Plastic Tax 2023: che cos’è e come funziona
Iscriviti ora! Ricevi il 5% di sconto.
Iscrivendoti alla nostra newsletter otterrai il 5% di sconto sul tuo primo ordine.
Adesso sei iscritto!
In questo articolo:
Bando alle ciance… e alla plastica!
Si è dato il via libera a una nuova proroga della Plastic Tax al 2024. Questa imposta sul consumo di plastica monouso doveva entrare in vigore a luglio 2020, subendo poi ulteriori slittamenti al 1° gennaio 2021 e, ancora, al 1° luglio 2021.
Salutata poi la Legge di Bilancio 2021, che cede poi il posto a quella del 2022, la tassa sulla plastica è stata ulteriormente rinviata al nuovo anno, a e quello dopo ancora.

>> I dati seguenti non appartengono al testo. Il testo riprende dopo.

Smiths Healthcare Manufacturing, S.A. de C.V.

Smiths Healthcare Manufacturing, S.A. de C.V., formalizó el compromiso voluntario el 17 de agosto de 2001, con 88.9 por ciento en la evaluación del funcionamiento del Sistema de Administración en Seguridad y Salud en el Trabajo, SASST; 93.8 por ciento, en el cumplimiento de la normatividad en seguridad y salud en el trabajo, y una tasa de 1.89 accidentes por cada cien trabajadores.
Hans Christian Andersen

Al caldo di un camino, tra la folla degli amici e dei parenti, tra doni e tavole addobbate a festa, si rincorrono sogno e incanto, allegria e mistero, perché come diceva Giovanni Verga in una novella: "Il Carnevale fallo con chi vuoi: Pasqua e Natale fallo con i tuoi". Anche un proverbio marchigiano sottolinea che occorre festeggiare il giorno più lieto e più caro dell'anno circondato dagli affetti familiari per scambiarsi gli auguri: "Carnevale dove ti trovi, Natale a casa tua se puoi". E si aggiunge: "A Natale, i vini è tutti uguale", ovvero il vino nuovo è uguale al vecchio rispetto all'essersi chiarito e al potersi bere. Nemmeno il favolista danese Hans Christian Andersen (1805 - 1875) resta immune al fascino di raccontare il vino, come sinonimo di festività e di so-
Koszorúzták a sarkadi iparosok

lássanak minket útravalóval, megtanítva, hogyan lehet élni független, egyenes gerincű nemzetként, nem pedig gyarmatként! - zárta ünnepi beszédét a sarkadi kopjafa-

Dobbiamo, dunque, aspettare il 2024 per l'imposta sui manufatti in plastica con singolo impiego, conosciuta come MACSI, che prevede il pagamento di 0,45 euro per ogni chilogrammo di materia plastica.

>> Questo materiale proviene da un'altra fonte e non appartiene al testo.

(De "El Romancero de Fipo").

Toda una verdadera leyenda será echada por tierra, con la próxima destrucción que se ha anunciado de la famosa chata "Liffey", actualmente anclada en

Per la plastica monouso, invece, la campanella è suonata già da tempo.
Dopo (anche qui) un susseguirsi di proroghe, dal 3 luglio 2021 l’Italia e gli altri Stati membri dell’Unione Europea sono stati chiamati ad adottare la direttiva Ue 904, la cosiddetta “Sup”, ovvero single-use-plastic.

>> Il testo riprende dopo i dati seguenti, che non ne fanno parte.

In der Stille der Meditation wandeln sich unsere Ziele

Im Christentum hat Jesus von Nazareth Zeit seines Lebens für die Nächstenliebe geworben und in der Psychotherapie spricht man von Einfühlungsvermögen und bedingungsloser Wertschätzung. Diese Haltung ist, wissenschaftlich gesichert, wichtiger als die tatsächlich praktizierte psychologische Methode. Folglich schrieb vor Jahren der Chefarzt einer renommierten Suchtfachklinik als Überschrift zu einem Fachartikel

Ma andiamo con ordine. In questo articolo analizzeremo nel dettaglio:
-
Che cos’è la Plastic Tax
-
Cosa sono i Macsi? E chi li paga?
-
Cos'è la Direttiva Sup, ovvero la Single use plastic
-
Cosa sono le bioplastiche?
-
Alternative alla plastica monouso: come preparare la tua azienda
Che cos’è la Plastic Tax
La super star di questi provvedimenti da assumere o già assunti contro l’inquinamento globale è di certo la norma chiamata Plastic Tax.
Si tratta della legge che introduce una tassazione speciale che riguarda le aziende produttrici di plastica non riciclabile.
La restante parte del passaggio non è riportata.